In [1]:
import numpy as np
import pandas as pd
import re
from nltk.tokenize import sent_tokenize, word_tokenize
# from nltk.tokenizer import tokenize
from nltk.corpus import stopwords
from nltk.stem import LancasterStemmer
from sklearn import model_selection
from sklearn.preprocessing import LabelEncoder
from sklearn.feature_extraction.text import TfidfVectorizer
from sklearn import model_selection, naive_bayes, svm
from sklearn.metrics import accuracy_score, confusion_matrix, classification_report
from collections import Counter
import nltk.data

tokenizer = nltk.data.load('tokenizers/punkt/english.pickle')

In [2]:
# read the dataset
reviews_data = pd.read_json(r"C:\Users\user\Documents\UoM\Thesis\data\Clothing_Shoes_and_Jewelry_5.json", lines=True)

# Keep only the review text and the grade
reviews_data = reviews_data[['overall', 'reviewText']]

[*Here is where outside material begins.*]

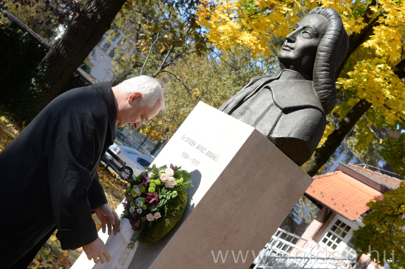 – A pozsonyi evangélikus Segner család egyháztörténeti jelentőségű, ezért fontos, hogy a református Debrecenbe küldték fiúkat tanulni – hangsúlyozta Fekete Károly, a Tiszántúli Református Egyházkerület püspöke. – Descartes felszabadította a gondolkodást és szinte szállóige lett: „cogito ergo sum” – „gondolkodom, tehát vagyok”. Ma inkább a „dubito ergo sum” – „kételkedem, tehát vagyok” világát éljük. A gondolkodás vissza tudott vinni a Biblia Istenéig, még a természettudományban is. Ma viszont a kétkedés még önmagunktól is távol visz és kétségekbe kerget, és hitetlenségbe hajszol. Emlékezzünk helyesen gondolkodva a nagy találmányok és felfedezések polihisztorára, Segner János András professzorra, emlékezete legyen áldott köztünk – zárta beszédét a püspök.

# Drop the products whose values are null
reviews_data = reviews_data[reviews_data['reviewText'].notna()]

In [3]:
ratings = []
for index,entry in enumerate(reviews_data['overall']):
    if entry == 1.0 or entry == 2.0:
        ratings.append(-1)
    elif entry == 3.0:
        ratings.append(0)
    elif entry == 4.0 or entry == 5.0:
        ratings.append(1)

In [4]:
""""
Split each review into sentences
and preprocess each sentence
"""
stopwords = stopwords.words('english')
lc = LancasterStemmer()

preprocessed_data = []
index = 0
for review in reviews_data['reviewText']:
    if(index % 10000 == 0):
        print(index)
    review_sentences = tokenizer.tokenize(review)
    for sentence in review_sentences:
        sentence = re.sub('[^a-zA-Z]', ' ', sentence)
        sentence = sentence.lower()
        sentence = word_tokenize(sentence)
        sentence = [lc.stem(word) for word in sentence if not word in stopwords]
        sentence = ' '.join(sentence)
        if(sentence != ''):
            review = {}
            review["index"] = index
            review["sentence"] = sentence
            review["rating"] = ratings[index]
            preprocessed_data.append(review)
    index += 1

0
10000
20000
30000
40000
50000
60000
70000
80000
90000
100000
110000
120000
130000
140000
150000
160000
170000
180000
190000
200000
210000
220000
230000
240000
250000
260000
270000


In [5]:
print("Before preprocessing: ", reviews_data['reviewText'][278643])
print("------------------------------------------------")
print("After preprocessing: ", [d for d in preprocessed_data if d['index'] == 278643])
print(len(preprocessed_data))

Before preprocessing:  idk why this shirt didnt fit i mean i ordered an Xlits very short and it seems like it was cut weird because the cross sits funny, like sideways.also one of the studs fell off the second i tried it on. ahhhhhhh whatever thats what i get for ordering clothes online loli DO NOT recommend
------------------------------------------------
After preprocessing:  [{'index': 278643, 'sentence': 'idk shirt didnt fit mean ord xlit short seem lik cut weird cross sit funny lik sideway also on stud fel second tri', 'rating': -1}, {'index': 278643, 'sentence': 'ahhhhhhh whatev that get ord cloth onlin lol recommend', 'rating': -1}]
1172750


In [6]:
# Split Dataset into training and test
indexes = [i for i in range(len(reviews_data))]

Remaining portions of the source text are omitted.